Suara keresek ketika dibuka menambah rasa penasaran Kiran yang luar biasa. Begitu pun juga dengan Adit karena tatapan mata masih tertuju pada benda yang ada di dalam sana. Sebuah buku novel bersampul biru laut berada di tangan Pak Budiarto. Dengan bangga pria itu memamerkan pada putrinya.

Kiran dan Adit saling menatap dengan tatapan yang sulit diartikan. Antara terkejut dan tak percaya jika buku hasil karya Kiran ada di tangan ayah kandungnya.

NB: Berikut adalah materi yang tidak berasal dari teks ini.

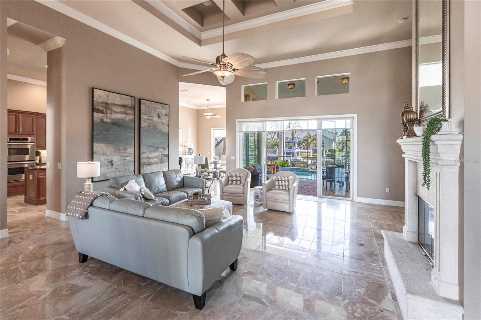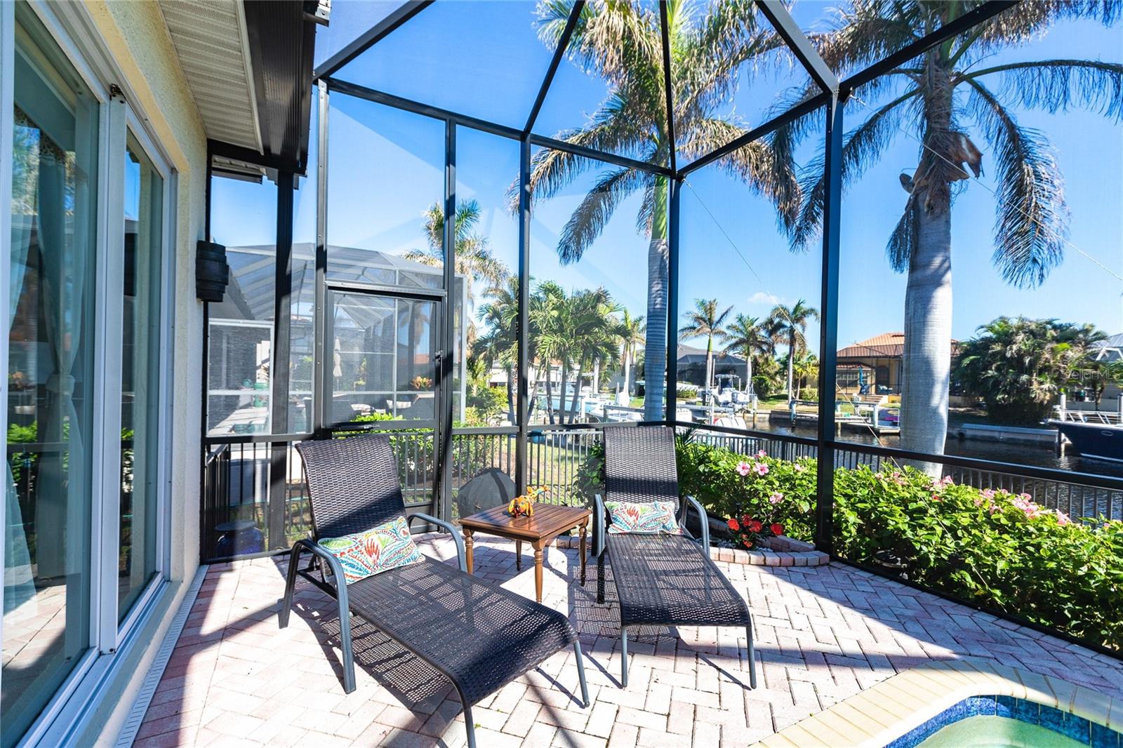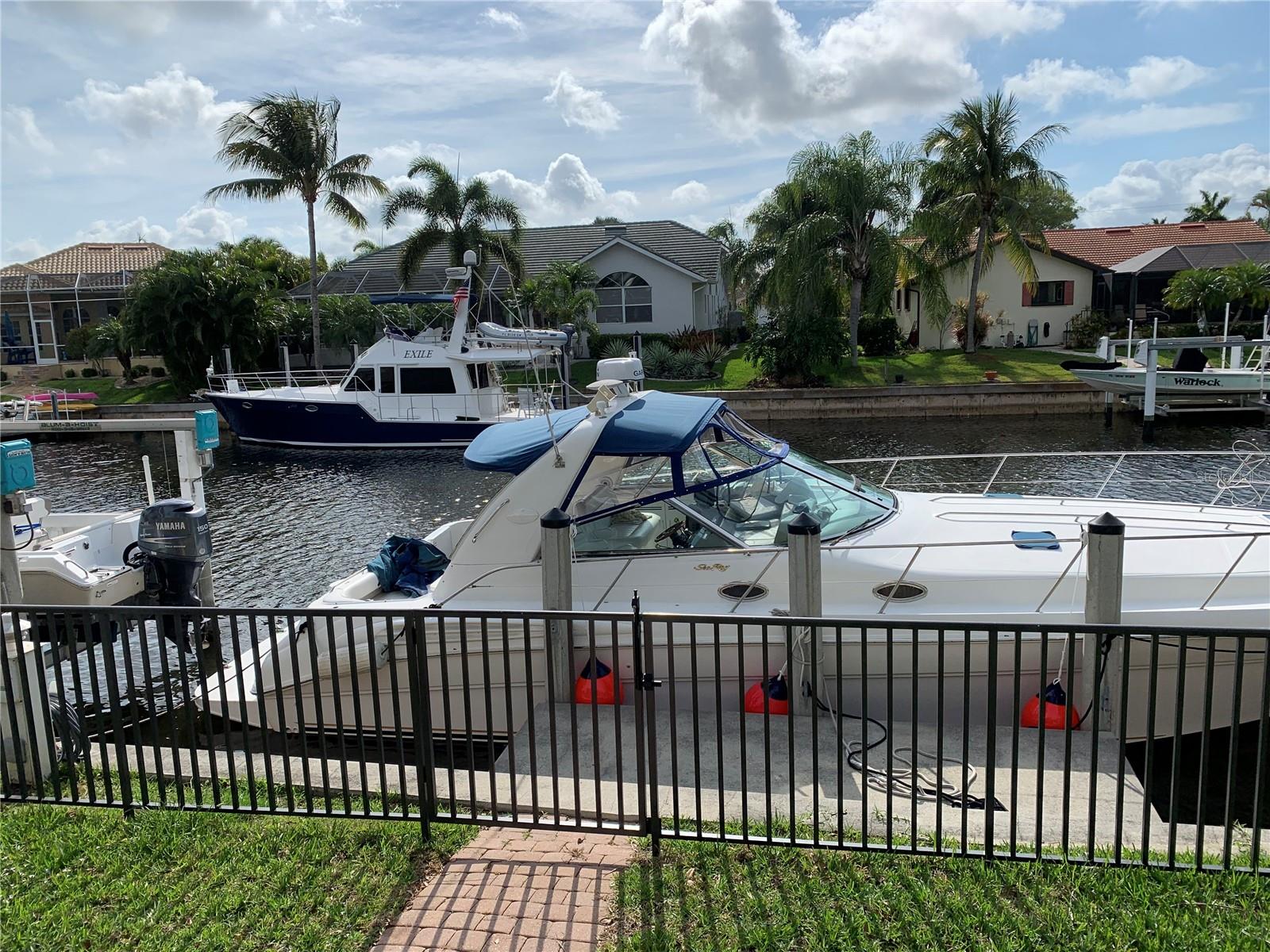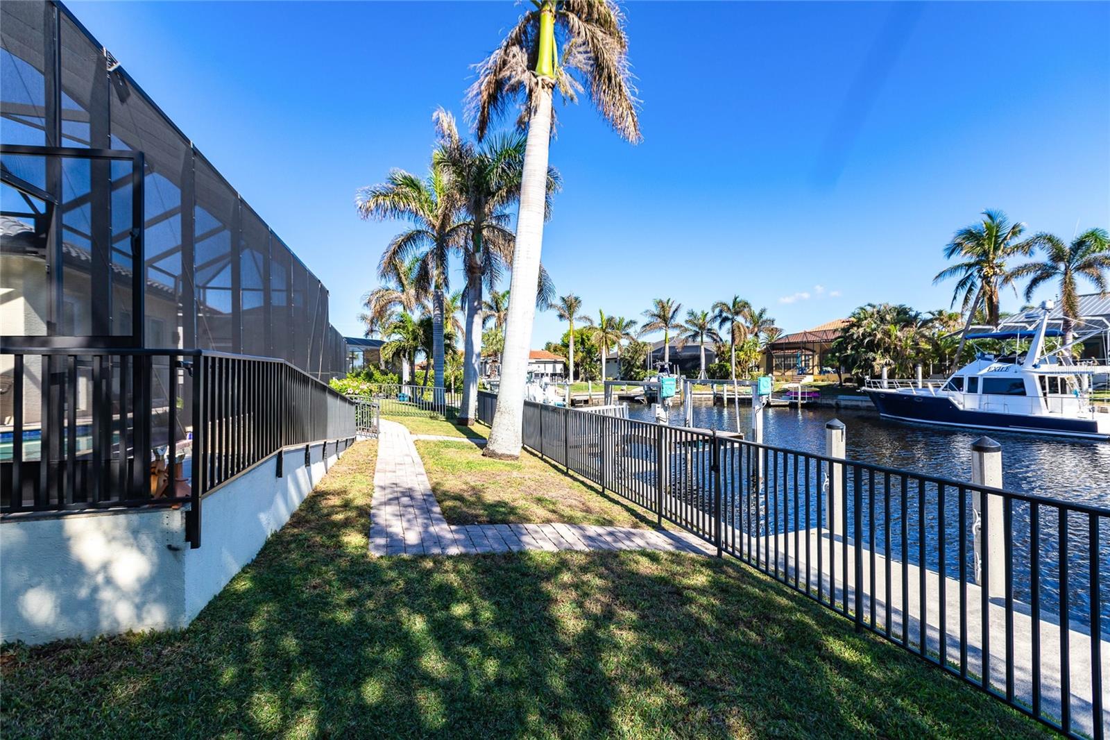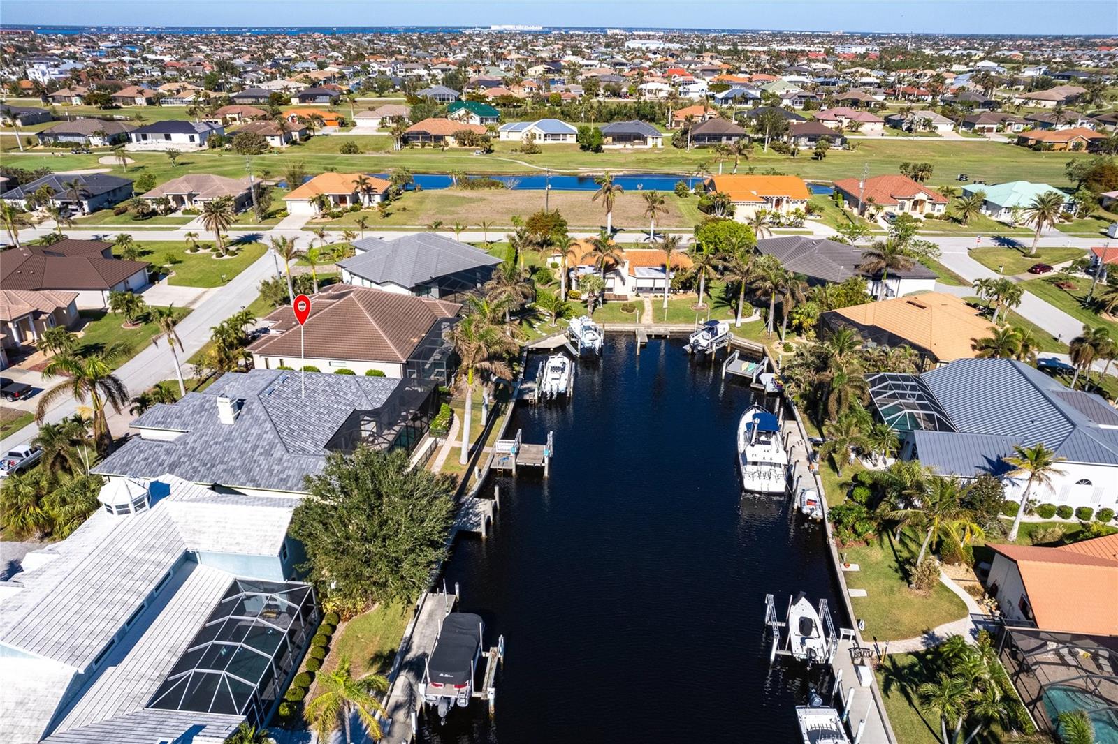 **Experience Waterfront Elegance and Boating Bliss** Indulge in the ultimate waterfront lifestyle with this luxurious 3-bedroom, 2-bathroom + den home, nestled along a deepwater canal just minutes from open water, and no bridges limiting height access. Designed for both comfort and sophistication, this exquisite property boasts two private docks, one equipped with a 10,000 lb boat lift and 30-amp power, offering the perfect haven for your boating adventures. Step into a home where refined details greet you at every turn. From the gleaming marble floors to the intricate coffered ceilings, the artistry and craftsmanship are undeniable. The expansive open-concept layout seamlessly connects the great room, formal dining area, and chef's kitchen, all framed by captivating views of the pool and canal. A wood-burning fireplace anchors the great room, providing warmth and ambiance, while columns, crown molding, transom windows, and arched entryways add architectural charm. The gourmet kitchen is a chef's dream, featuring granite countertops, custom wood cabinetry, a center island, breakfast bar, and premium stainless steel appliances, including a 6-burner gas range with hood and built-in double ovens. The adjacent breakfast nook is perfect for casual dining with serene water views. Retreat to the luxurious primary suite, a private sanctuary with lanai access, stunning canal views, and double walk-in closets. The spa-inspired primary bath offers a jetted garden tub, a dual-entry shower with twin showerheads, split vanities, and a private water closet. The split-bedroom floor plan ensures privacy, with two guest rooms, one with sliding door pool-access, and a pool-access guest bath. Step outside to your personal paradise. The expansive lanai features a brick-paver deck, a sparkling in-ground pool, and a summer kitchen complete with a JennAir grill, prep sink, and bar refrigerator--perfect for entertaining. The 85 ft. of water frontage includes a city-maintained seawall, and two concrete docks, complete with water and electric hookups, making this home a boater's dream. Additional features include whole-house hurricane protection with a mix of impact windows and shutters, a brand-new roof, an oversized two-car garage, a built-in wall safe, and a network hub in the laundry room. This home combines elegant waterfront living with practical functionality, offering the ultimate Florida lifestyle. Additional amenities of Punta Gorda Isles include the St. Andrews Golf Course, Punta Gorda Nature Park, and biking trails throughout. Paradise is possible for you in this stunning home!
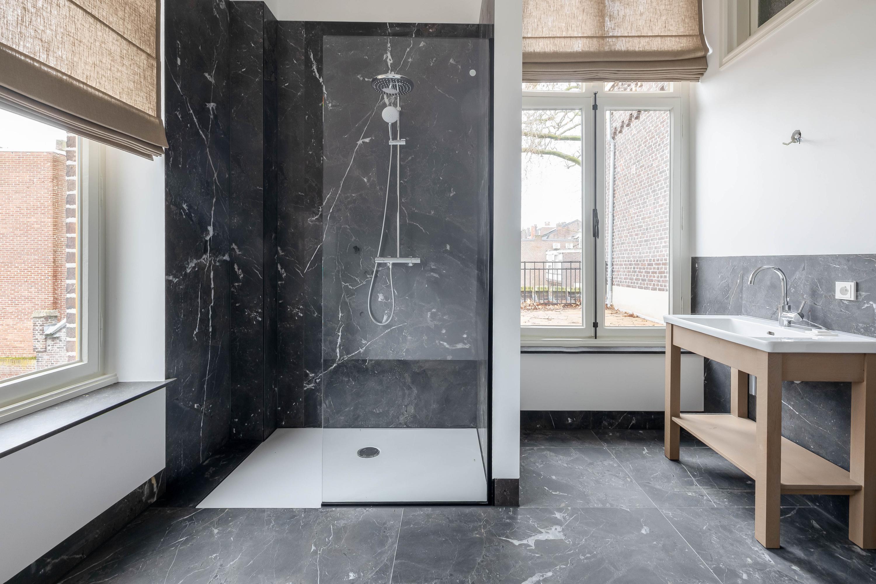 • A luxury bathroom with modern finishes and high-quality materials, including a walk-in shower and stylish sanitary fittings.

“Kemarin pas punya rezeki, jadi Bapak suruh Rohim buat beli buku novel kamu.”

Kiran seperti tertampar ucapan barusan. Mungkin kalau untuk Bapak, ia bisa memberikan novel secara percuma. Berarti selama ini, royalti yang ia terima, ada sedikit uang milik Pak Budiarto yang masuk ke rekeningnya.

Kiran memejamkan mata sekuat-kuatnya. Kebenaran yang ia terima sangat menyakitkan dan menimbulkan resah di dalam dada. Tubuh Kiran bergerak tak jelas karena ingin rasanya pergi melupakan kenyataan ini.

“Darah yang mengalir di tubuh kamu mengikut Bapak. Kita sama-sama suka menulis karya sastra. Cuma bedanya karya kamu dibukukan. Kalau Bapak hanya diabadikan lewat buku ini saja,” tukas Pak Budiarto sambil mengeluarkan sebuah buku ukuran kertas folio dengan sampul halaman yang sudah termakan usia.

Kiran melirik ke atas meja, tepatnya buku yang dipegang bapaknya. Entah kebetulan atau tidak, ternyata Pak Budiarto tengah menatap Kiran dan seakan tahu jika putrinya penasaran dengan buku miliknya.

Buku sudah diletakkan di depan Kiran dan rasa penasaran yang luar biasa membuat Kiran membuka tiap lembar di sana. Tulisan latin orang dahulu, tertulis rapi  dan masih bisa terbaca. Kiran enggan membaca tulisan itu, ia menyodorkan kembali buku itu dengan sedikit kasar.

“Kak, kita pulang sekarang,” ajak Kiran yang sudah berdiri. Adit cukup terkejut melihat perubahan wajah Kiran yang kembali memerah karena menahan tangis.

Adit bergegas berpamitan karena Kiran sudah menunggu di luar. Perempuan itu berdiri membelakangi ketiga orang yang masih bertahan di pintu.

“Sebelum tutup usia, sekali lagi Bapak minta maaf, Nduk. Bagaimana pun Bapak tetap sayang sama kamu walaupun kamu sangat membenci Bapak. Namun, percayalah doa Bapak tak pernah putus untuk kamu sebagai penebus kesalahan Bapak selama ini,” tutur Pak Budiarto dibarengi air mata yang membasahi pipi.

Kiran melangkah tak peduli ucapan barusan, terserah mereka mau bilang apa tentang dirinya. Rasa ego masih menyelimuti dirinya, walaupun hati kecil menyuruhnya berbalik dan memanggil pria tua itu dengan sebutan Bapak.